Last year I had to replace a broken zipper in DH's down jacket. With a storm flap, no less. It was a royal pain and took me most of a day, but the jacket is a good one, from Lands End, and his favorite. There didn't seem any alternative but to just do it.

The old folks, really old I mean, would say that this kind of endeavor builds character...not sure it improved mine any, though. : )

Doreen in Alabama

Reply to
Doreen

One of them I could probably live without, but one of them is my absolute favorite, and the reversible one is practically brand-new.
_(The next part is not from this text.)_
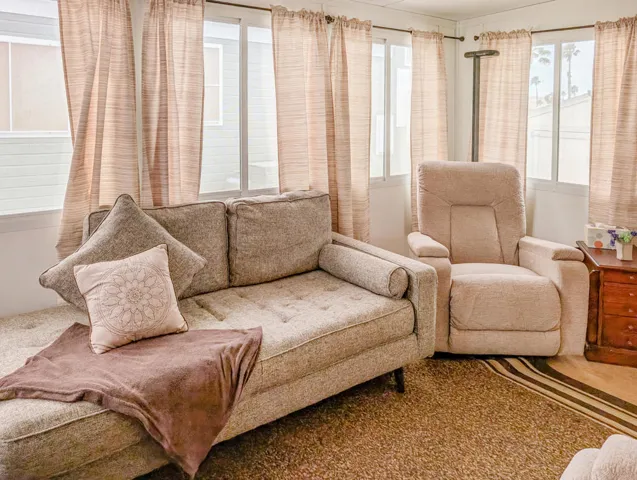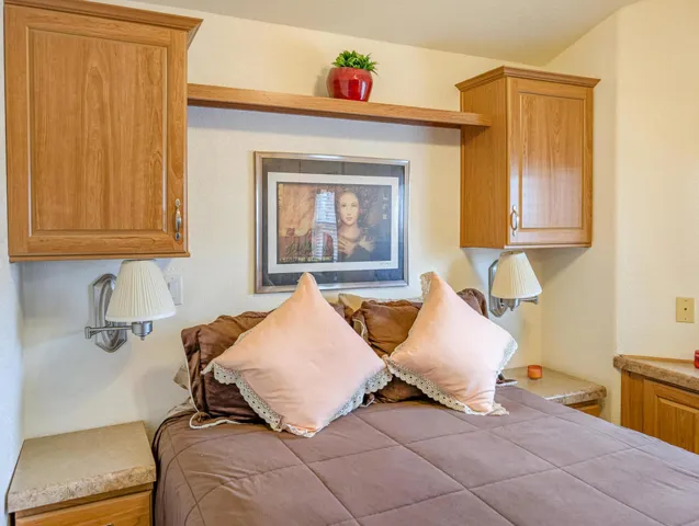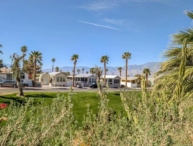Charming and serene! This 2007 Laurel Creek Park Model with ~550 sq. ft., 1 bedroom, 1 bathroom is delightful with modern touches and style throughout. Situated high above the 3rd hole of the golf course you’ll get a bird’s eye view of golfing activity and the stunning Mt. San Jacinto peaks while enjoying the covered protected deck. So much beautiful mature landscape to create a private and peaceful feeling, large shed for storage, side patio, paved parking and much more. Caliente Springs is a 55+ Resort with healing amenities of mineral hot spring pool and spas, 8-pickleball courts, tennis courts, laundry facilities, 9-hole golf course and a fun and active community with great schedule events. Lot is not owned, space rent is $811. Easy lender finance (OAC).

I could probably get away with adding a zipper on one size of the reversible one and making it not reversible any more and that would be really easy, but my cherry-red one makes me feel more cheerful on glum days and I would hate to have to pitch it.

Reply to
Melinda Meahan - take out TRAS

Quick and dirty repair; may not work with all styles.

1) Cut off the teeth of the old zipper 2) Hand sew new zipper to old tape 3) Cover icky old tape edge with grosgrain or bias.
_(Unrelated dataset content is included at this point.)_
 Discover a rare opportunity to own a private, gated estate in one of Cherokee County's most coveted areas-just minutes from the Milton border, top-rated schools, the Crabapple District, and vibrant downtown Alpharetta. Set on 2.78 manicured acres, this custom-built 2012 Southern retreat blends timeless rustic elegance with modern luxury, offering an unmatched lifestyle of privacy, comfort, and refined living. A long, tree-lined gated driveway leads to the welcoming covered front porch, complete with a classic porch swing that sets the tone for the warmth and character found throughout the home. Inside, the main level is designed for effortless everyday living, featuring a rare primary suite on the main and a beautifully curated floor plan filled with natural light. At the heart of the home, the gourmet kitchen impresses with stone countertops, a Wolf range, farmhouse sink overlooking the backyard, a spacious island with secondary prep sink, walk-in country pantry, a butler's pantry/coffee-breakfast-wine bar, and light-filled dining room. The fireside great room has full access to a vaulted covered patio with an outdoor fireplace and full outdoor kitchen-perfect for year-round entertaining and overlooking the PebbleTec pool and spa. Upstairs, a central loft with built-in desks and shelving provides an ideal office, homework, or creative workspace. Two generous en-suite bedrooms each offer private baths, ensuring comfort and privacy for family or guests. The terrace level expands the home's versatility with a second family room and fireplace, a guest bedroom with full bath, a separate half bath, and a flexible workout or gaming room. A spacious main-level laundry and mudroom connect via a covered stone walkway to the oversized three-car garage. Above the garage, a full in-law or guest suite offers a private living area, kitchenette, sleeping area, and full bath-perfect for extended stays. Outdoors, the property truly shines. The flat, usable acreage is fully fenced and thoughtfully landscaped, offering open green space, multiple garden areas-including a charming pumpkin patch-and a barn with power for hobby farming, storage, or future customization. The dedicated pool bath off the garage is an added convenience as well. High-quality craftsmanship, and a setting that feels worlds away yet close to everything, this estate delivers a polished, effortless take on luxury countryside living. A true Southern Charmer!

Did this many years ago to a down jacket that I really, really didn't want to rip into (a very nice storm baffle system) (and I'd never heard of Penny then, or she would have gotten it in the mail with a pleading note). At any rate, the hand sewn zipper has lasted another 20 years...

Kay

Reply to
Kay Lancaster

At Wal Mart I have seen the pull thingy, if that is the part you are missing. It's in the craft dept close to the zippers. Barbara in cold, 28 degrees, SC "Melinda Meahan - take out TRASH to send" wrote in message news:439a4968$0$38609$ snipped-for-privacy@news.sonic.net...

Reply to
Bobbie Sews Moore

Kay's quick and dirty is one way to do except I'd skip the grosgrain part and just leave it.

For missing pull tab on the slider just thread a paper clip or a 6" loop of cord through the hole in the head of the slider. For the missing slider, you just take off the top stop, and put a new slider on. The trick for new sliders is that while you can pick up spares, they don't always match exactly. The different brands ( YKK, Talon, generic) all are slighly different and they sliders for coil and tooth zips are different. Within. YKK, you have old and new style zipper. Do you by chance have the slider that fell off? There is almost always a little code on the back, tiny letters, something lik "5V" or ""5CN", on YKK at any rate. You can get sliders at most out doors stores in little zipper rescue kits.

hth and Kay - ever since I got a tour of the hermetically sealed down room at North Face I don't do down. ;-)

penny

Reply to
small change

I took DH's down jacket to an alteration shop that charged only $20 to remove the old and install a new quality brass zipper (price included the zipper). Well worth it to me as I had no machine that could handle the job.

I bought a reversible zipper for DH's walking suit top; they do exist. And installed new zips in both my lightweight jackets; took as much time to pick out the busted ones as it did to install the new ones, though. But like you, I was not ready to part with those jackets.

Jean M.

Reply to
Jean D Mahavier
D

Can you replace the zippers with leather frogs? If I had a Lands End Jacket I'd call them before I'd replace a zipper. They guarantee everything forever. I returned a 5 year old sweater to them because the color band kept coming loose. I had repaired it many times and finely called them. They told me to send it back and they would replace it. I had also taken out the label because they always itch. Didn't matter,they replaced the sweater. Juno

Reply to
Juno

Juno,

You're right, I'm sure LE would have sent us a brand new jacket. They are so good about that. But it was the only really warm coat DH had (it gets cold here--16 this morning--but for relatively short periods of time), and he really needed it Right Then. If I had sent the jacket back, we'd probably have been back in the 50s by the time a new one arrived.

Doreen in Alabama

Reply to
Doreen

Had some 1/4" grosgrain and I'd sewn the new zipper in with the old tape to the outside. Oh well, a little more handwork didn't kill me.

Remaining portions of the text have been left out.